Following Gibbs' suggestion that she "get slightly more informed," Palin tweeted: "Mr. Gibbs, BP gave over $3.5mill to federal candidates over the past 20 years, with with the largest amount going to Obama," linking to a Politico story citing data from the Center for Responsible Politics. 

During his time in the Senate and while running for president, Obama received a total of $77,051 from the oil giant and is the top recipient of BP PAC and individual money over the past 20 years, according to financial disclosure records. 

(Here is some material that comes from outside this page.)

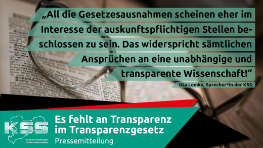 Im Hintergrund ist eine Brille auf einem Buch zu sehen. Im Vordergrund folgendes das Zitat der Sprecher*in der KSS Uta Lemke zu lesen: "All die Gesetzesausnahmen scheinen eher im Interesse der auskunftspflichtigen Stellen beschlossen zu sein. Das widerspricht sämtlichen Ansprüchen an eine unabhängige und transparente Wissenschaft!"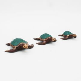 Elke zeeschildpad is gevormd in een zwemhouding, met uitgestrekte vinnen en het hoofd lichtjes geheven, alsof hij een zachte stroming opvangt. De bolle schelp glanst in een rijke groene kleur met een glanzende afwerking, afgezet met goudkleurige accenten en een fijne, kralenachtige rand. Daarentegen hebben het lichaam, het hoofd en de vinnen een warmere roodbruine tint met een gebeeldhouwde textuur en een subtielere glans. Samen vormen de set van drie een kleine stoet die je langs een schoorsteenmantel kunt rangschikken, tussen boeken kunt nestelen, of over een vensterbank of nachtkastje kunt laten drijven.

Obama spokesman Ben LaBolt dismissed the suggestion of undue influence by BP in the same Politico story, from May 5:

"President Obama didn't accept a dime from corporate PACs or federal lobbyists during his presidential campaign," spokesman Ben LaBolt said. "He raised $750 million from nearly four million Americans. And since he became president, he rolled back tax breaks and giveaways for the oil and gas industry, spearheaded a G20 agreement to phase out fossil fuel subsidies, and made the largest investment in American history in clean energy incentives."

According to Open, BP's campaign contributions during the 2008 election cycle were $214,915 to Democrats, and $315,909 to Republicans (about 40/60), split almost evenly between individual contributions and PACs.

According to the National Institute on Money in State Politics, during Palin's 2006 run for Governor in Alaska (where the large majority of donations came from individuals), BP America made the fifth-largest donation by a company to her campaign, contributing $4,650, with BP Alaska giving an additional $250.